#### What you will do
Beneath this line are the data; copy exactly the part of them that opens with the line containing "为控制属性y,增加了一个判别" and closes with the line containing "كشف وزير الزراعة", and only that part.

#### Records
>>>>
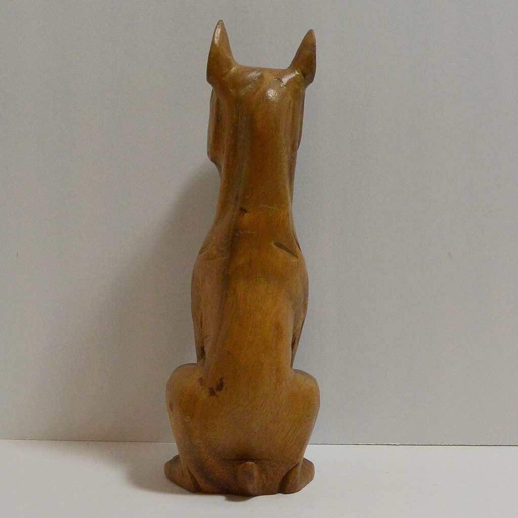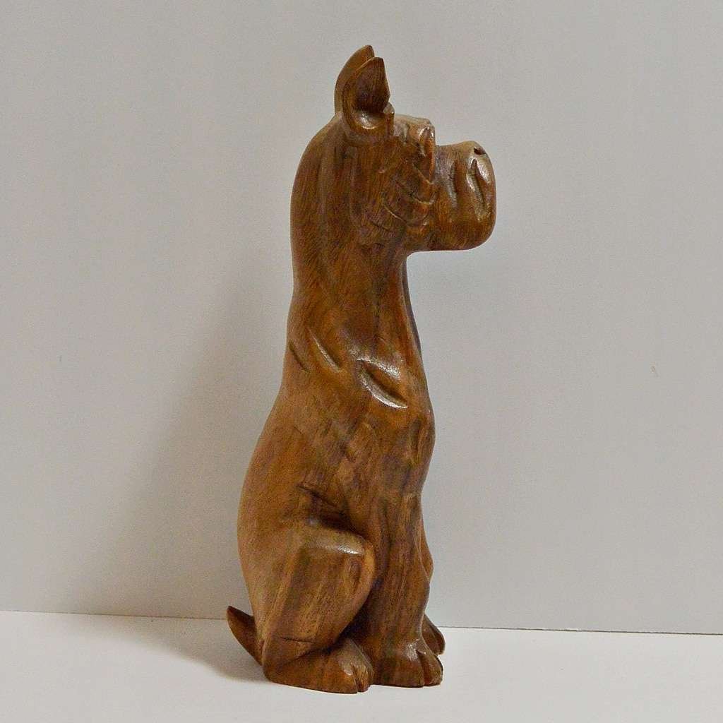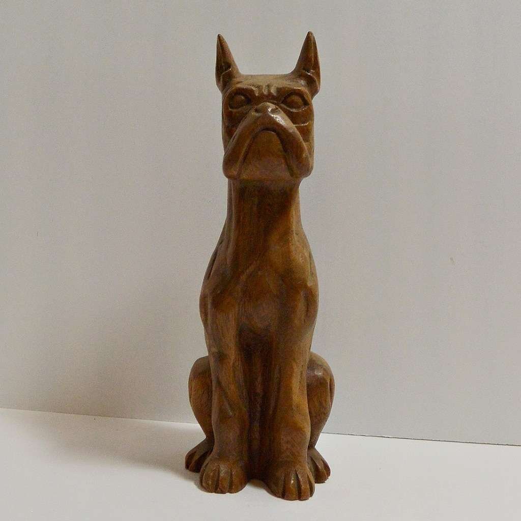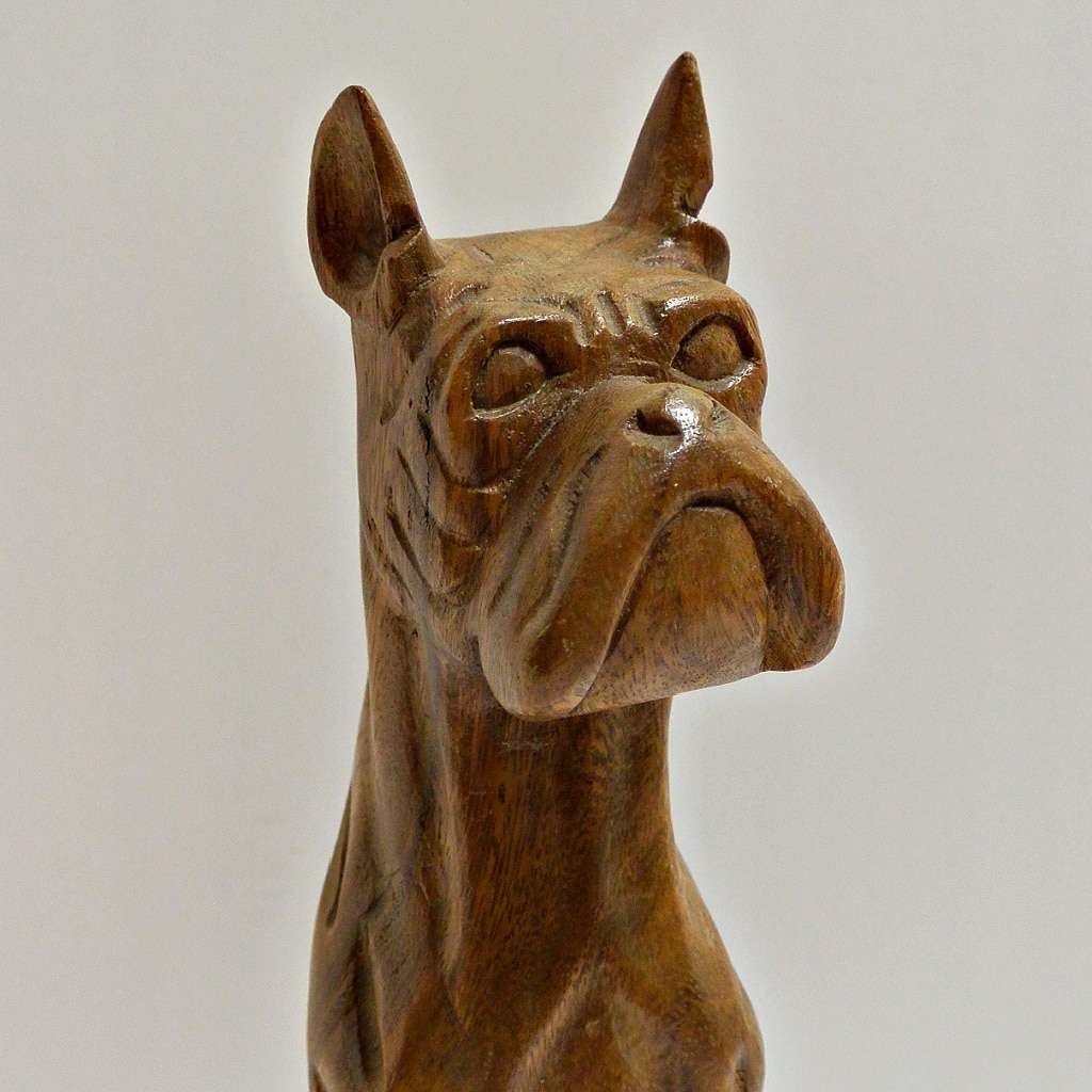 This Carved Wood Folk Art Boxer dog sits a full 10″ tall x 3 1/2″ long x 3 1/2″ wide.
<<<<
>>>>
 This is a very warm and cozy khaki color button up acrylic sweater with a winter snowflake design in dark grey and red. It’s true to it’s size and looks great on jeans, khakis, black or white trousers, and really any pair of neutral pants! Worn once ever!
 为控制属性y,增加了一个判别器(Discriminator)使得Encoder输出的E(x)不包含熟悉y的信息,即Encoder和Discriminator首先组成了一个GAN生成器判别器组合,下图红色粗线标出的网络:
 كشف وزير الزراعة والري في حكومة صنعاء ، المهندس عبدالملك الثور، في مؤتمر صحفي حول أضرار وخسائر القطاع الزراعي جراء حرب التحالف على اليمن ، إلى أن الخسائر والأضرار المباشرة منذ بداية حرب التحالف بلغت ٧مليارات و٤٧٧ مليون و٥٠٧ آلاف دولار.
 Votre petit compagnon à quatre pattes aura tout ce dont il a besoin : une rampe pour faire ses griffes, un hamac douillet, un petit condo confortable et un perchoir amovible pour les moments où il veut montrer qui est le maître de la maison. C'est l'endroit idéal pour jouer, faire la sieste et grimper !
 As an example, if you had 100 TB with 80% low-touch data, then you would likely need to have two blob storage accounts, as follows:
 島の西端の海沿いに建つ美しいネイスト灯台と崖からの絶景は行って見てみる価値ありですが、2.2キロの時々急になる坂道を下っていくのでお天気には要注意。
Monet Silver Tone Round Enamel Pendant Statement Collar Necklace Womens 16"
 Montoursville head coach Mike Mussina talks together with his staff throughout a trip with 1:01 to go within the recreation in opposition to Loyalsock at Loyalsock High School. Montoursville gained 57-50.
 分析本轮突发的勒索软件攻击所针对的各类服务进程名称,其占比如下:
<<<<
#### Answer
 为控制属性y,增加了一个判别器(Discriminator)使得Encoder输出的E(x)不包含熟悉y的信息,即Encoder和Discriminator首先组成了一个GAN生成器判别器组合,下图红色粗线标出的网络:
 كشف وزير الزراعة والري في حكومة صنعاء ، المهندس عبدالملك الثور، في مؤتمر صحفي حول أضرار وخسائر القطاع الزراعي جراء حرب التحالف على اليمن ، إلى أن الخسائر والأضرار المباشرة منذ بداية حرب التحالف بلغت ٧مليارات و٤٧٧ مليون و٥٠٧ آلاف دولار.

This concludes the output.